On Tue, Jul 14, 2015 at 6:06 PM, JIEFU GONG <jg...@berkeley.edu> wrote:

> Someone may correct me if I am incorrect, but how much disk space do you
> have on these nodes? Your exception 'No space left on device' from one of
> your brokers seems to suggest that you're full (after all you're writing
> 500 million records).
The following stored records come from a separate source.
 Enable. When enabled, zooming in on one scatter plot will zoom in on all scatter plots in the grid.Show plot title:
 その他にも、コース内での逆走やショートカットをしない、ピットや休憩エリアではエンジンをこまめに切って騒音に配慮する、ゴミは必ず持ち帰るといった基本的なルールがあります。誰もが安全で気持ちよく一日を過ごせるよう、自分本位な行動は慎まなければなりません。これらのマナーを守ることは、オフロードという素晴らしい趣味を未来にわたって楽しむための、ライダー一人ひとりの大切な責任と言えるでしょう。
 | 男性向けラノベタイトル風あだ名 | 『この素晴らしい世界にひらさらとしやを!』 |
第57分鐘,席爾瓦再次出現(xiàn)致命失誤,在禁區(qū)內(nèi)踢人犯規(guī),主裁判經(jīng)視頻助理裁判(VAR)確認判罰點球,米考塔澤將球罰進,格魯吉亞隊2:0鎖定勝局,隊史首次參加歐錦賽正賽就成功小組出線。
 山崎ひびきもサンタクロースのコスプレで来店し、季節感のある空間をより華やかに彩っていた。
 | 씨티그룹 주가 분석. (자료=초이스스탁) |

If this is the case I believe the expected behavior
> for Kafka is to reject any more attempts to write data?
>
> On Tue, Jul 14, 2015 at 2:27 PM, Yuheng Du <yuheng.du.h...@gmail.com>
> wrote:
>
> > Also, the log in another broker (not the bootstrap) says:
> >
> > [2015-07-14 15:18:41,220] FATAL [Replica Manager on Broker 1]: Error
> > writing to highwatermark file:  (kafka.server.ReplicaManager)
> >
> >
> > [2015-07-14 15:18:40,160] ERROR Closing socket for /130.127.133.47
> because
> > of error (kafka.network.Process
> >
> > or)
> >
> > java.io.IOException: Connection reset by peer
> >
> >         at sun.nio.ch.FileDispatcherImpl.read0(Native Method)
> >
> >         at sun.nio.ch.SocketDispatcher.read(SocketDispatcher.java:39)
> >
> >         at sun.nio.ch.IOUtil.readIntoNativeBuffer(IOUtil.java:223)
> >
> >         at sun.nio.ch.IOUtil.read(IOUtil.java:197)
> >
> >         at sun.nio.ch.SocketChannelImpl.read(SocketChannelImpl.java:379)
> >
> >         at kafka.utils.Utils$.read(Utils.scala:380)
> >
> >         at
> >
> >
> kafka.network.BoundedByteBufferReceive.readFrom(BoundedByteBufferReceive.scala:54)
> >
> >         at kafka.network.Processor.read(SocketServer.scala:444)
> >
> >         at kafka.network.Processor.run(SocketServer.scala:340)
> >
> >         at java.lang.Thread.run(Thread.java:745)
> >
> > ........
> >
> > java.io.IOException: No space left on device
> >
> >         at java.io.FileOutputStream.writeBytes(Native Method)
> >
> >         at java.io.FileOutputStream.write(FileOutputStream.java:345)
> >
> >         at sun.nio.cs.StreamEncoder.writeBytes(StreamEncoder.java:221)
> >
> >         at sun.nio.cs.StreamEncoder.implFlushBuffe
> >
> > (END)
> >
> > On Tue, Jul 14, 2015 at 5:24 PM, Yuheng Du <yuheng.du.h...@gmail.com>
> > wrote:
> >
> > > Hi Jiefu, Gwen,
> > >
> > > I am running the Throughput versus stored data test:
> > > bin/kafka-run-class.sh
> org.apache.kafka.clients.tools.ProducerPerformance
> > > test 50000000000 100 -1 acks=1 bootstrap.servers=
> > > esv4-hcl198.grid.linkedin.com:9092 buffer.memory=67108864
> > batch.size=8196
> > >
> > > After around 50,000,000 messages were sent, I got a bunch of connection
> > > refused error as I mentioned before. I checked the logs on the broker
> and
> > > here is what I see:
> > >
> > > [2015-07-14 15:11:23,578] WARN Partition [test,4] on broker 5: No
> > > checkpointed highwatermark is found for partition [test,4]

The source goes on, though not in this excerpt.